→ **Try it**
Only the lines from the start of the data through the line containing "Активісти оприлюднили відео, на" should be written out, exactly as they are, with both ends included and the pictures left out.

*** Extracted entries Section Begins ***

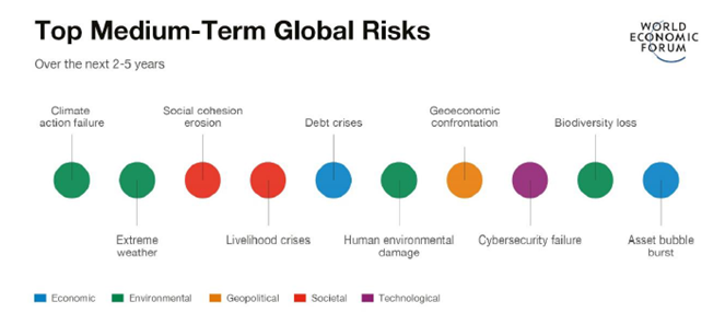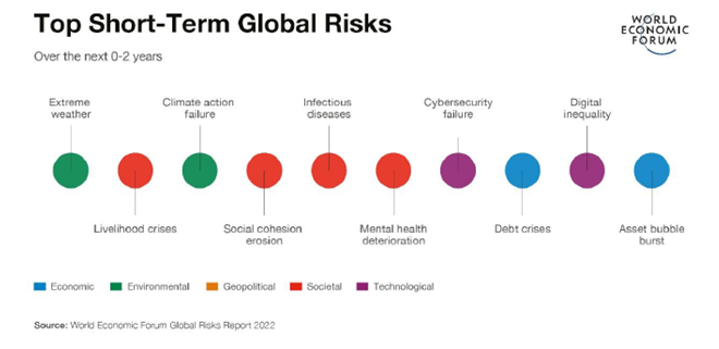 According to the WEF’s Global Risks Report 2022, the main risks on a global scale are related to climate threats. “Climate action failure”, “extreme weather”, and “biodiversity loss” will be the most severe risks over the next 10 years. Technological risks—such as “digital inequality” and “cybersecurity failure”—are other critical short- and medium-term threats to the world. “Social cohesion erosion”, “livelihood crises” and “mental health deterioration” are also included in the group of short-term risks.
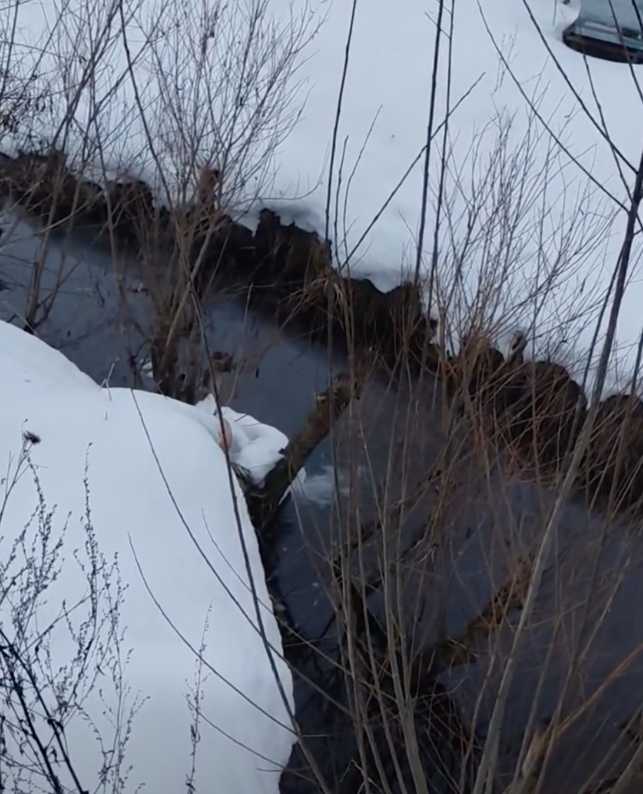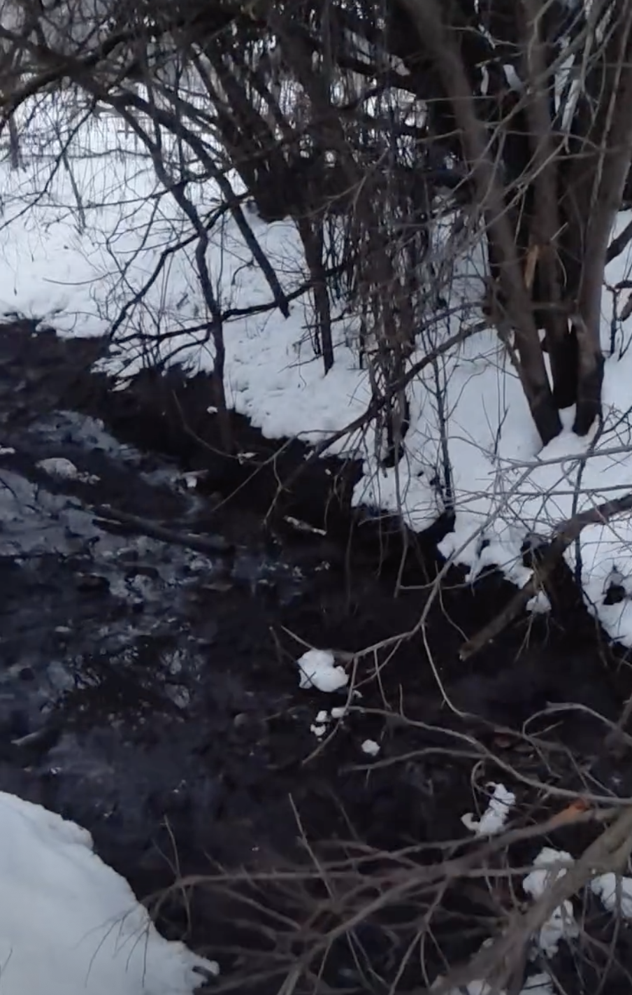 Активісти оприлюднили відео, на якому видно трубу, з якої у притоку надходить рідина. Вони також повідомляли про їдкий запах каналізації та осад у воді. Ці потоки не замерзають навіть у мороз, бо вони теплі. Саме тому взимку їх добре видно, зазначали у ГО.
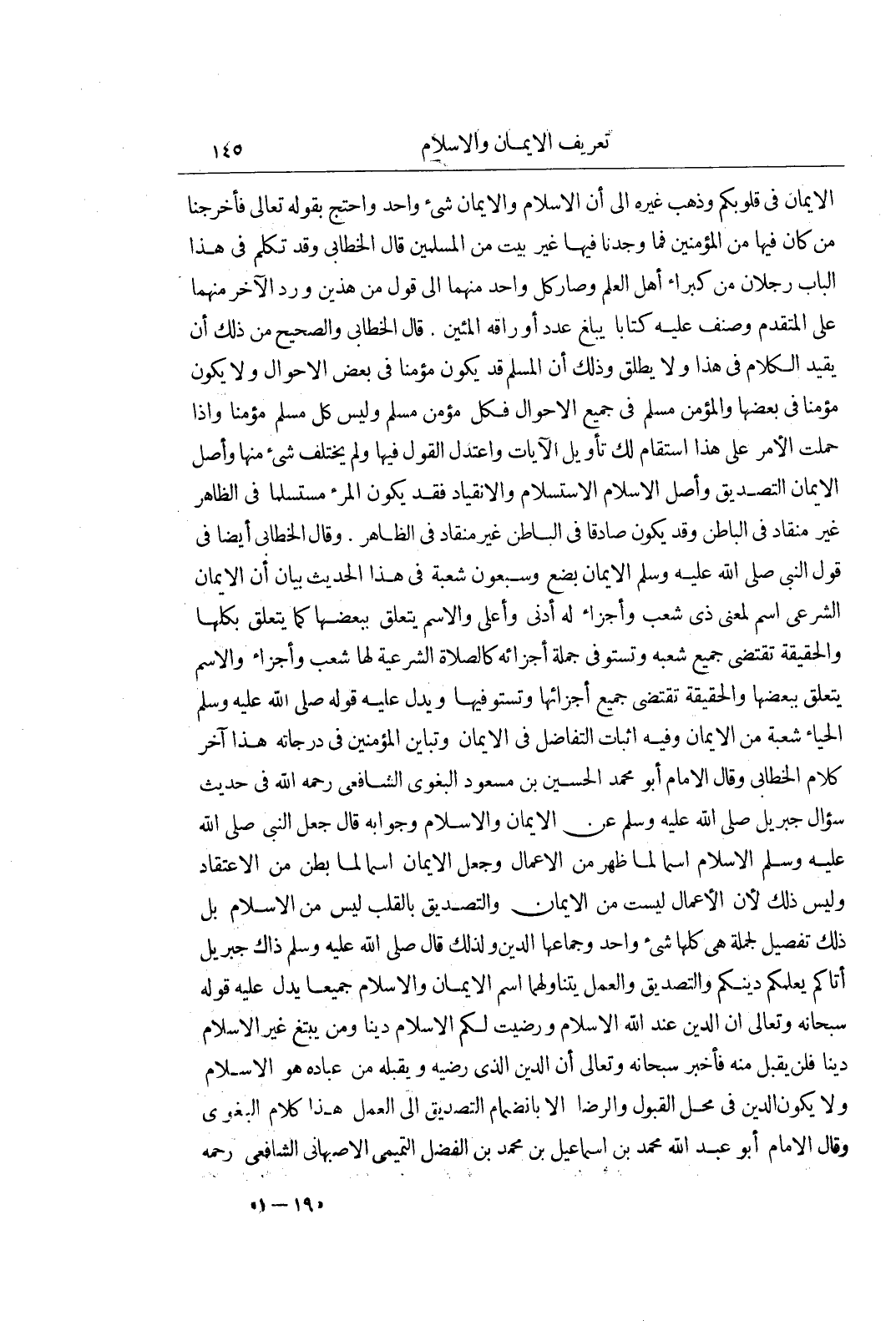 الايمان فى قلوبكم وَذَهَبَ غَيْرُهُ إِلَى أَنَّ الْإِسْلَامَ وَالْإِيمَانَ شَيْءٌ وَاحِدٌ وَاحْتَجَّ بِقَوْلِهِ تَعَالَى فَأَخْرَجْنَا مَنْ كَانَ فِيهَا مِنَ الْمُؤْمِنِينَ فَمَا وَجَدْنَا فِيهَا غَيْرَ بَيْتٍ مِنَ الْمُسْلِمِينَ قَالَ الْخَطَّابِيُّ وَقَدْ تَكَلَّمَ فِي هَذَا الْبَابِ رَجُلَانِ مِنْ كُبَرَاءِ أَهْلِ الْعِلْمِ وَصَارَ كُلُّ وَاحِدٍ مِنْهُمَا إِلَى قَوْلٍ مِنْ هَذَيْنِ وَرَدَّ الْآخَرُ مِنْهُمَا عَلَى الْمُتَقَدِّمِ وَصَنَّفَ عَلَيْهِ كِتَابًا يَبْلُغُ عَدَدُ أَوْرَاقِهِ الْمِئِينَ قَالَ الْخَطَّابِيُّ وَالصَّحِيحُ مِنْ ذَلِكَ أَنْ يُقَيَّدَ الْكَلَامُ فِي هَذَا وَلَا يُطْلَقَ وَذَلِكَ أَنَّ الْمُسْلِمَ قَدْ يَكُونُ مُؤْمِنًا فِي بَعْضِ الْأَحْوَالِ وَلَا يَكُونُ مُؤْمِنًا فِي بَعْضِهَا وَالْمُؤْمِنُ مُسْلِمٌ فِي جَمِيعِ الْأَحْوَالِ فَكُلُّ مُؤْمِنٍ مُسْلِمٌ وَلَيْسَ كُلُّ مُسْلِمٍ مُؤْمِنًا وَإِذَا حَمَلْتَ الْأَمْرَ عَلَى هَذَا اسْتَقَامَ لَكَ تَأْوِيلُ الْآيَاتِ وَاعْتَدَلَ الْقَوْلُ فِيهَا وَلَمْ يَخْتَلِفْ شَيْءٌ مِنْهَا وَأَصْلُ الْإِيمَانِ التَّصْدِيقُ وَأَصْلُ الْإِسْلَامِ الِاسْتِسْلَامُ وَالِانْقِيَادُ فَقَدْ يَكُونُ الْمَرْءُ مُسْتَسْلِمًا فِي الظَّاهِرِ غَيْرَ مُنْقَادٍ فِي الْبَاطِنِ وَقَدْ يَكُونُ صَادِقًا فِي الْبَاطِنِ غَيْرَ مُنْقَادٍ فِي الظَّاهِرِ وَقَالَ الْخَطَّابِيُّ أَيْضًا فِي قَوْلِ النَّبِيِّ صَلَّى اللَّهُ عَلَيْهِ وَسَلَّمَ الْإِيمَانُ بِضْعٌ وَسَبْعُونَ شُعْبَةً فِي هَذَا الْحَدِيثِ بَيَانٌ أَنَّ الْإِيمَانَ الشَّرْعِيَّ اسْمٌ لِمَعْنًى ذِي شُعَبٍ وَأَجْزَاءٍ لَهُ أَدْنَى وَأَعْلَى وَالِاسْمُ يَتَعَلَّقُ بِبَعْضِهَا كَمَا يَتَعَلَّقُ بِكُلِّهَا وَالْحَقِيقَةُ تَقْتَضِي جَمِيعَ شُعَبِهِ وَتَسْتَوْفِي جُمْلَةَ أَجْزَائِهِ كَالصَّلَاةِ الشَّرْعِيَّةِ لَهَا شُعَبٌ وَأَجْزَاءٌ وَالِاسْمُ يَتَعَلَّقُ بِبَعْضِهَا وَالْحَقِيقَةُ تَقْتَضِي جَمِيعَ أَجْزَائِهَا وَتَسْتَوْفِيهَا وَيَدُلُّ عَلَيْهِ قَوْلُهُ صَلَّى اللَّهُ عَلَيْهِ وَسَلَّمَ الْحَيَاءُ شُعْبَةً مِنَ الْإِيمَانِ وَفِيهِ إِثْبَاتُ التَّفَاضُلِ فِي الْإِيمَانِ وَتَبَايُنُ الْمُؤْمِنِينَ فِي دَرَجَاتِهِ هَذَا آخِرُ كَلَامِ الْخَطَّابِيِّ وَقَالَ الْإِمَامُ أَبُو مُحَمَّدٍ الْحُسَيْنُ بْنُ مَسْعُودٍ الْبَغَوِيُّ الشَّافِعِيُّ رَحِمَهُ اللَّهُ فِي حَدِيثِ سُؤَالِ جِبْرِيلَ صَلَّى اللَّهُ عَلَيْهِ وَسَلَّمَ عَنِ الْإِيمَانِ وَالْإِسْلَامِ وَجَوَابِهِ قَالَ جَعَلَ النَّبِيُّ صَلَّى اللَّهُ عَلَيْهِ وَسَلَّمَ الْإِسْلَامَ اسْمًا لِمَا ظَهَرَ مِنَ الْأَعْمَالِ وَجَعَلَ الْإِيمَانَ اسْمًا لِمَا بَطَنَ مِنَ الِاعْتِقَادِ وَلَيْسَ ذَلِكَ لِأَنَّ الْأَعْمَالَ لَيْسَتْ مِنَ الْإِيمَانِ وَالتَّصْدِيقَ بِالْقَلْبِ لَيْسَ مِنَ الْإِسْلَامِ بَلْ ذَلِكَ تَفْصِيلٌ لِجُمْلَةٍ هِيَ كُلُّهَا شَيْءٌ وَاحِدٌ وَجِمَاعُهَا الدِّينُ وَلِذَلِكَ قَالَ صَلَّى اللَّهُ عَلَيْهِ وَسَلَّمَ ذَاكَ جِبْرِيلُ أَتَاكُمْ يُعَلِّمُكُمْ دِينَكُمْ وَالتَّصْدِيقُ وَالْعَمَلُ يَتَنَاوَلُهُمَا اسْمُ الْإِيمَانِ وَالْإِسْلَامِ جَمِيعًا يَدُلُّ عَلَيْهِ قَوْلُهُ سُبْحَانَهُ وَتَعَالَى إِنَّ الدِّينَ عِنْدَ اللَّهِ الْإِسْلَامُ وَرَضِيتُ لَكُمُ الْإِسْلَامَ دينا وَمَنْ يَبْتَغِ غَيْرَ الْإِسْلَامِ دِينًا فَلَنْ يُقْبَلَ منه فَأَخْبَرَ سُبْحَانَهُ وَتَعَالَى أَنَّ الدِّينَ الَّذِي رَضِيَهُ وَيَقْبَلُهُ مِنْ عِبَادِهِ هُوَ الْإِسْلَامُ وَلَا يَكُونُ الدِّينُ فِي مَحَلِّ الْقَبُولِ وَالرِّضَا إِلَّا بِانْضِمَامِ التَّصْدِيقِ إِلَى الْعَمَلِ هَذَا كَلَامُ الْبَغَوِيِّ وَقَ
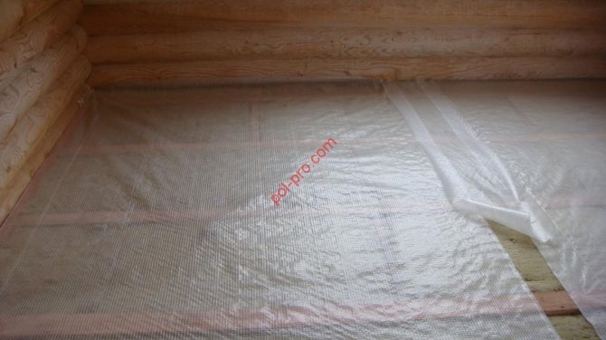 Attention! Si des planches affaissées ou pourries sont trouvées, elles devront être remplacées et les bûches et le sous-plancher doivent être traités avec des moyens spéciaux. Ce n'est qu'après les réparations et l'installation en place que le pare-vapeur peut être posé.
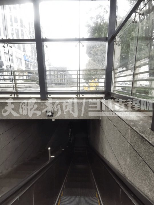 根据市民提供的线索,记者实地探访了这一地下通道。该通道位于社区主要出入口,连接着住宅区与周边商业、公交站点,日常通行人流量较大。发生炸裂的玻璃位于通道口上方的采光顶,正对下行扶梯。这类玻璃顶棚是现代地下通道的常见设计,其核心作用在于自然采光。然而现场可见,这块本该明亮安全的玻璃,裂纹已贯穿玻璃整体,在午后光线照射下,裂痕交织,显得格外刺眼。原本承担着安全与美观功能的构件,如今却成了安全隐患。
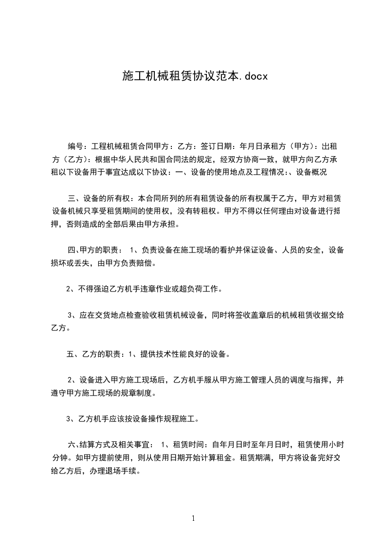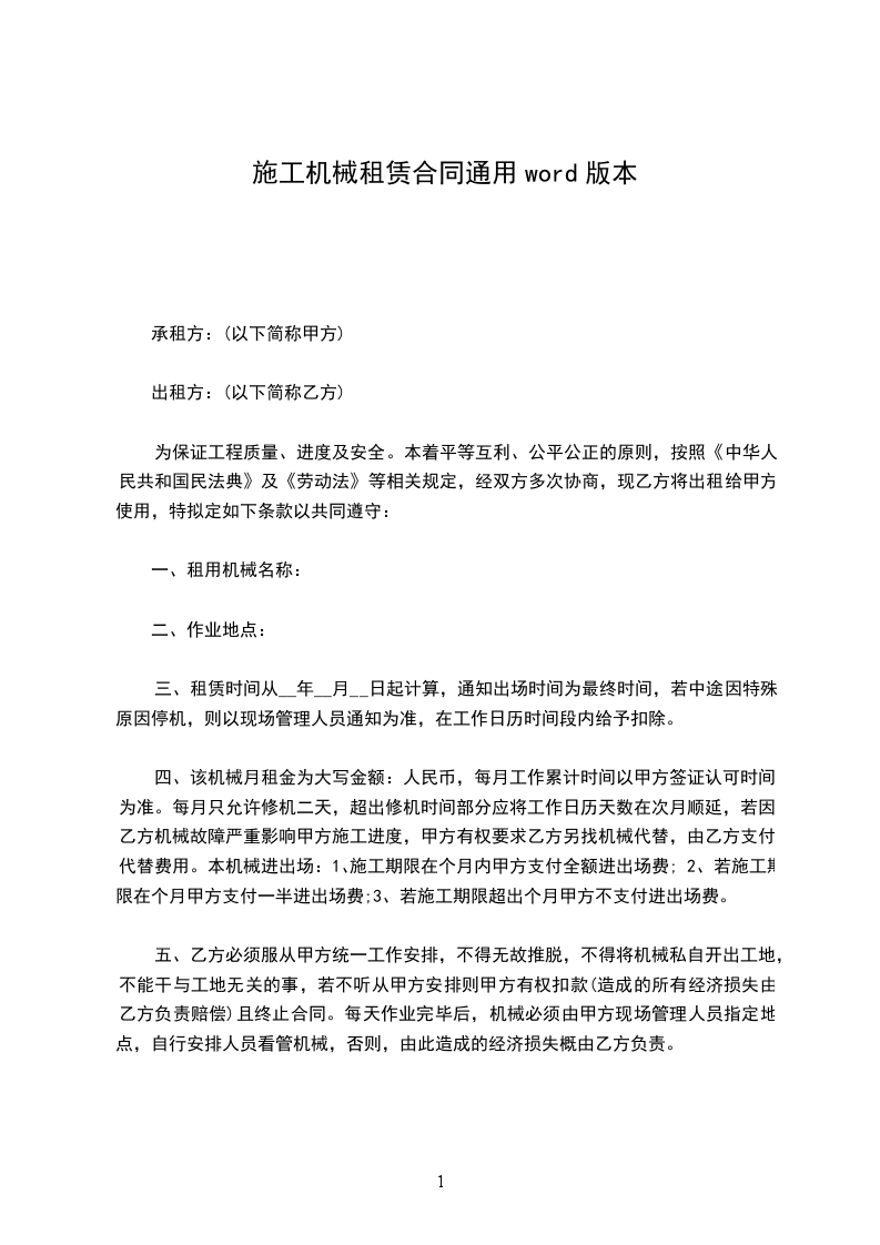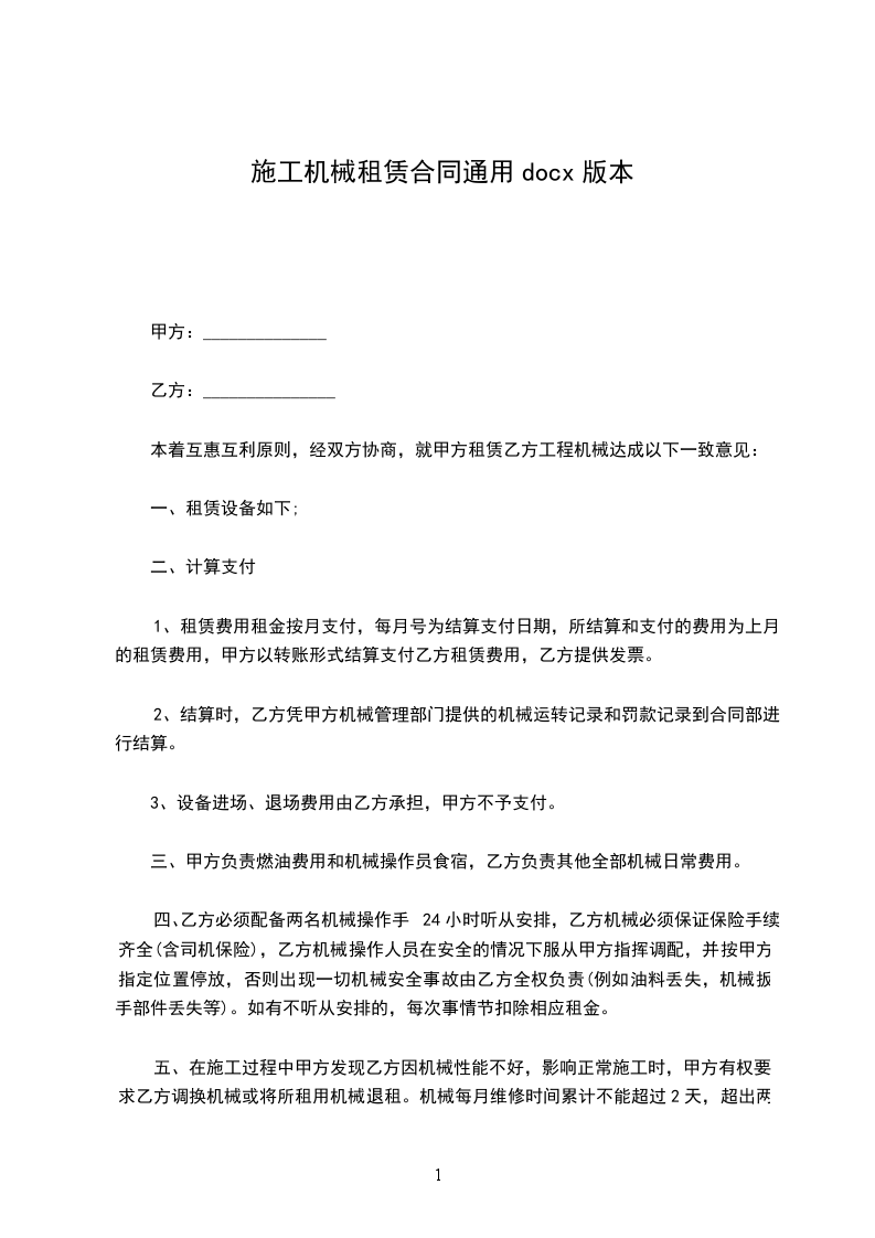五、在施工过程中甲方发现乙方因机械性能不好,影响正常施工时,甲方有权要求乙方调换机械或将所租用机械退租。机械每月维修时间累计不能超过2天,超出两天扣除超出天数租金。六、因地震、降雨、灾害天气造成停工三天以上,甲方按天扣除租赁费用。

*** Extracted entries Section Ends ***

→ **Answer to the problem**
 According to the WEF’s Global Risks Report 2022, the main risks on a global scale are related to climate threats. “Climate action failure”, “extreme weather”, and “biodiversity loss” will be the most severe risks over the next 10 years. Technological risks—such as “digital inequality” and “cybersecurity failure”—are other critical short- and medium-term threats to the world. “Social cohesion erosion”, “livelihood crises” and “mental health deterioration” are also included in the group of short-term risks.
 Активісти оприлюднили відео, на якому видно трубу, з якої у притоку надходить рідина. Вони також повідомляли про їдкий запах каналізації та осад у воді. Ці потоки не замерзають навіть у мороз, бо вони теплі. Саме тому взимку їх добре видно, зазначали у ГО.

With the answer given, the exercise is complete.